▶ **Data for this exercise**
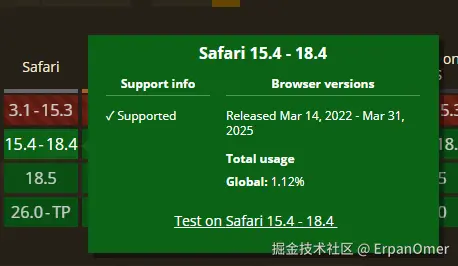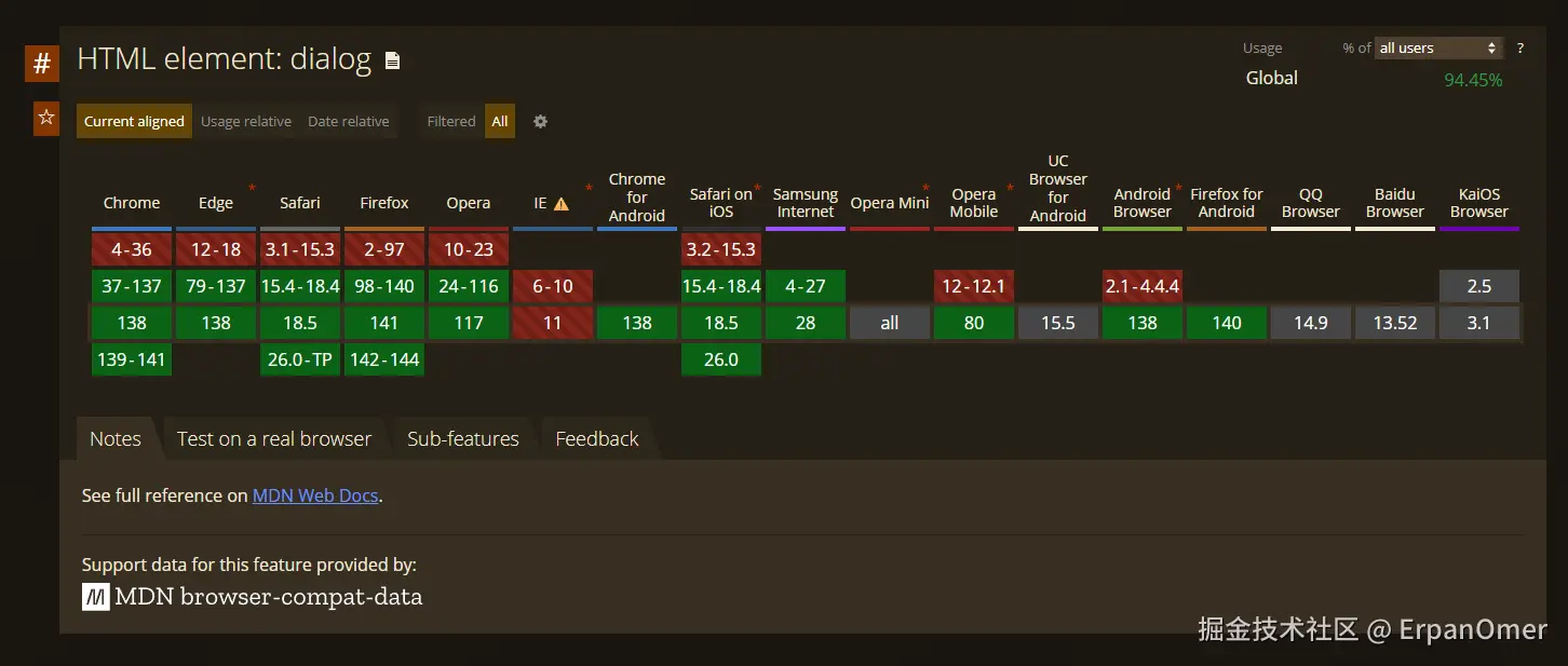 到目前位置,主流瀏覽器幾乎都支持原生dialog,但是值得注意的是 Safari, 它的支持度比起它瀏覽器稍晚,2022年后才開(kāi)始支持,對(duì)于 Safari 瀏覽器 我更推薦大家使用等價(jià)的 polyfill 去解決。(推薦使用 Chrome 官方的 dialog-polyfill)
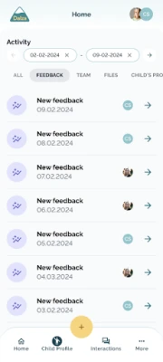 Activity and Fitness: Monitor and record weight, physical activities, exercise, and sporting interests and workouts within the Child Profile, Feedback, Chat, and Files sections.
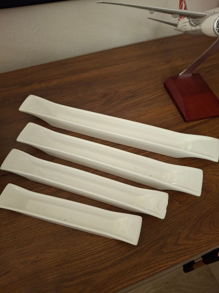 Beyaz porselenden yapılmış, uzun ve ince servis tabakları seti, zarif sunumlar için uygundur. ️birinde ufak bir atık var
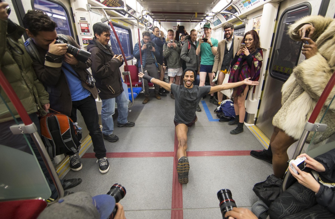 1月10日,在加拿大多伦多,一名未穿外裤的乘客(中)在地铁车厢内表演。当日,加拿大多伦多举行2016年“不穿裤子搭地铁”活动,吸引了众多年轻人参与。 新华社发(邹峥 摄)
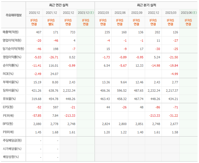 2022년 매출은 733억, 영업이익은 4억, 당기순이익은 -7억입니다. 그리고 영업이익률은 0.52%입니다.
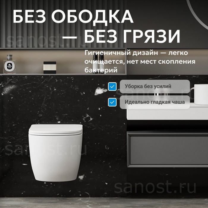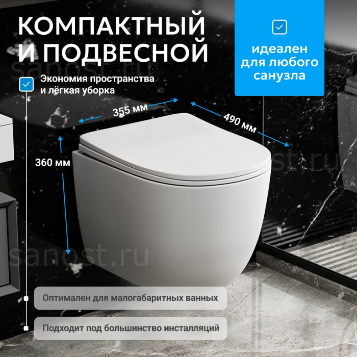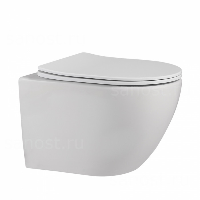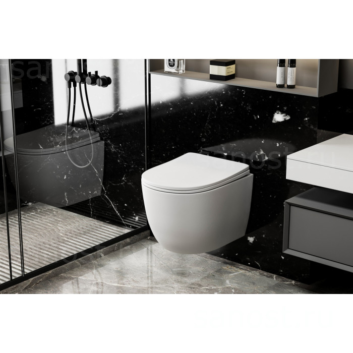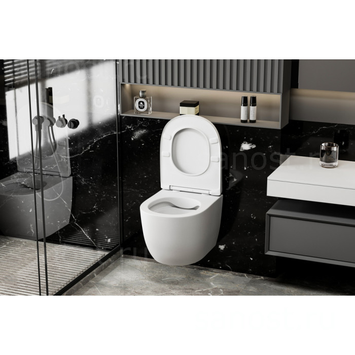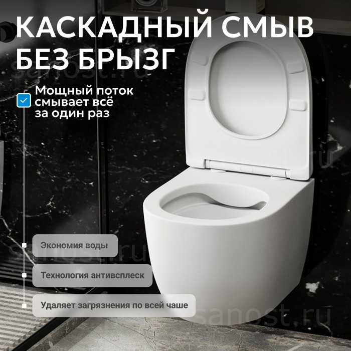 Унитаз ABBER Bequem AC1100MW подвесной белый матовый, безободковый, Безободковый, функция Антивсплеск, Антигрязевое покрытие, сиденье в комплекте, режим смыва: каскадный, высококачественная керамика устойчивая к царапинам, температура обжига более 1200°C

▶ **The problem**
Repeat, with no pictures, every line from the top of the entries above through the line that has "2022년 매출은 733억, 영업이익은", keeping each one exact.

▶ **Result of the exercise**
 到目前位置,主流瀏覽器幾乎都支持原生dialog,但是值得注意的是 Safari, 它的支持度比起它瀏覽器稍晚,2022年后才開(kāi)始支持,對(duì)于 Safari 瀏覽器 我更推薦大家使用等價(jià)的 polyfill 去解決。(推薦使用 Chrome 官方的 dialog-polyfill)
 Activity and Fitness: Monitor and record weight, physical activities, exercise, and sporting interests and workouts within the Child Profile, Feedback, Chat, and Files sections.
 Beyaz porselenden yapılmış, uzun ve ince servis tabakları seti, zarif sunumlar için uygundur. ️birinde ufak bir atık var
 1月10日,在加拿大多伦多,一名未穿外裤的乘客(中)在地铁车厢内表演。当日,加拿大多伦多举行2016年“不穿裤子搭地铁”活动,吸引了众多年轻人参与。 新华社发(邹峥 摄)
 2022년 매출은 733억, 영업이익은 4억, 당기순이익은 -7억입니다. 그리고 영업이익률은 0.52%입니다.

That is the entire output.